My First Kaggle Competition: Titanic

For more practical experience with gradient descent, I decided to participate in the Titanic Competition. Here is how I did it and what I learned.

I took the following approach:

Setting up my local machine for the Kaggle competition
Trying to write as little code as possible, I implemented notebook which leveraged a fast.ai tabular learner
Creating another notebook re-implementing Jeremy’s Excel-based model

Note: This blog post itself is a notebook, and it can be found here on GitHub.

Installing Kaggle

Getting ready for the Kaggle competition requires registering for the competition (a few clicks on the kaggle website), and installing kaggle on your local machine. The following is based on the Live-Coding Session 7 and the related official topic in the forums.

The first step is to install kaggle:

pip install --user kaggle

As a result, the following warning is displayed: The script kaggle is installed in '/home/<your user>/.local/bin' which is not on PATH. This means that the you need to add the path to the PATH-variable. This is done by adding the following line to the .bashrc-file and restarting the terminal:

PATH=~/.local/bin:$PATH

Note: To display the current PATH-variable use: echo $PATH

As a result, typing the kaggle-command on the command line works, but the next error shows up (as expected): OSError: Could not find kaggle.json.
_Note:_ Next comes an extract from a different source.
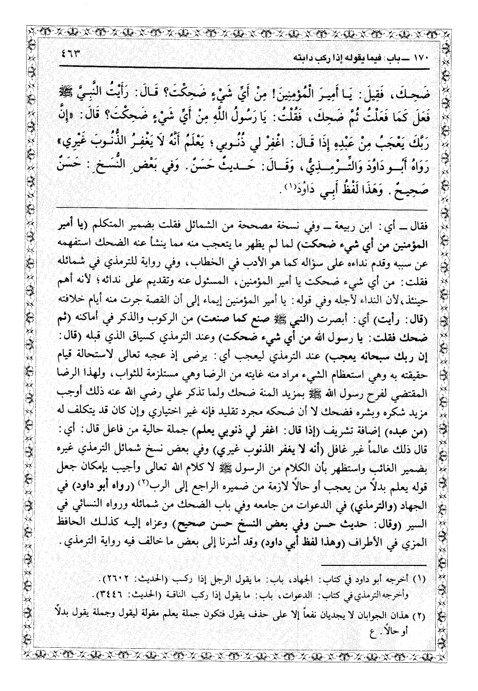 «فقال: أي ابن ربيعة، وفي نسخة مصححه من «الشمائل» «فقلت» بضمير المتكلم (يا أمير المؤمنين من أي شيء ضحكت) لما لم يظهر ما يتعجب منه مما ينشأ عنه الضحك استفهمه عن سببه وقدم نداءه على سؤاله كما هو الأدب في الخطاب، وفي رواية للترمذي في «شمائله» «فقلت من أي شيء ضحكت يا أمير المؤمنين» وتقديم المسؤول عنه على ندائه لأنه أهم حينئذ لأن النداء لأجله، وفي قوله يا أمير المؤمنين إيماء إلى أن القصة جرت منه أيام خلافته (قال: رأيت) أي أبصرت (النبي صنع كما صنعت) من الركوب والذكر في أماكنه (ثم ضحك فقلت: يا رسول الله من أي شيء ضحكت) وعند الترمذي كسياق الذي قبله (قال: إن ربك سبحانه يعجب) عند الترمذي «ليعجب» : أي يرضى إذ العجب المضاف في كلام الشارع إليه تعالى لاستحالة قيام حقيقته به وهي استعظام الشيء مع خفاء سببه به تعالى، مراد مه غايته من الرضا وهي مستلزمة للثواب. ولهذا الرضا المقتضى لفرح رسول الله إذ فيه مزيد المنة عليه ضحك، ولما تذكر عليّ رضي الله عنه ذلك أوجب مزيد شكره فبشره فضحك، لا أن ضحكه مجرد تقليد فإنه غير اختياري وإن كان قد يتكلف له (من عبده) إضافة تشريف (إذا قال رب اغفر لي ذنوبي يعلم) جملة حالية من فاعل قال: أي قال ذلك عالماً غير غافل (أنه لا يغفر الذنوب غيري) في بعض نسخ

Make sure it's located in /home/chrwittm/.kaggle. Or use the environment method.

This means that you cannot authorize against the kaggle platform. To solve this, download your personal kaggle.json On the kaggle website, navigate to: “Account” and click on “Create New API Token”. As a result, the kaggle.json is downloaded.

Copy the kaggle.json-file into the .kaggle-directory in your home directory.

Typing the kaggle-command on the command line gives you the final clue as to what is missing: Your Kaggle API key is readable by other users on this system! To fix this, you can run 'chmod 600 /home/chrwittm/.kaggle/kaggle.json'

Therefore, type:

chmod 600 /home/<your user>/.kaggle/kaggle.json

Typing the kaggle-command on the command line again confirms: We are in business :)

Downloading the dataset

To download the dataset, run the following command (which you can also find on the kaggle website):

kaggle competitions download -c titanic

As a result, the file titanic.zip is downloaded.

To unzip type:

unzip titanic.zip

Doing this for the first time, this resulted in an error: /bin/bash: unzip: command not found

To install zip and unzip, type:

sudo apt-get install zip
sudo apt-get install unzip

As a result, unzipping works, and we have a dataset to work with :).

import pandas as pd

train = pd.read_csv("train.csv")
train.head()

	PassengerId	Survived	Pclass	Name	Sex	Age	SibSp	Ticket	Fare	Cabin	Embarked
0	1	0	3	Braund, Mr. Owen Harris	male	22.0	1	A/5 21171	7.2500	NaN	S
1	2	1	1	Cumings, Mrs. John Bradley (Florence Briggs Th...	female	38.0	1	PC 17599	71.2833	C85	C
2	3	1	3	Heikkinen, Miss. Laina	female	26.0	0	STON/O2. 3101282	7.9250	NaN	S
3	4	1	1	Futrelle, Mrs. Jacques Heath (Lily May Peel)	female	35.0	1	113803	53.1000	C123	S
4	5	0	3	Allen, Mr. William Henry	male	35.0	0	373450	8.0500	NaN	S

Implementing a Fast.ai Tabular Learner

The goal was not to create a perfect submission, but to simply train a model as fast as possible to

get a baseline
to get to know how a kaggle competition works (remember, this is my first one)

Therefore, I created a dataloaders as shown in lesson 1 or in the docs by sorting the variables into categorical or continuos one, excluding irrelevant ones).

Note 1: In this blog post, I am presenting the steps in a fast-forward way, here is the original notebook.

Note 2: When writing this up, I was not able to 100% re-produce the same results, but basically this is how the story went.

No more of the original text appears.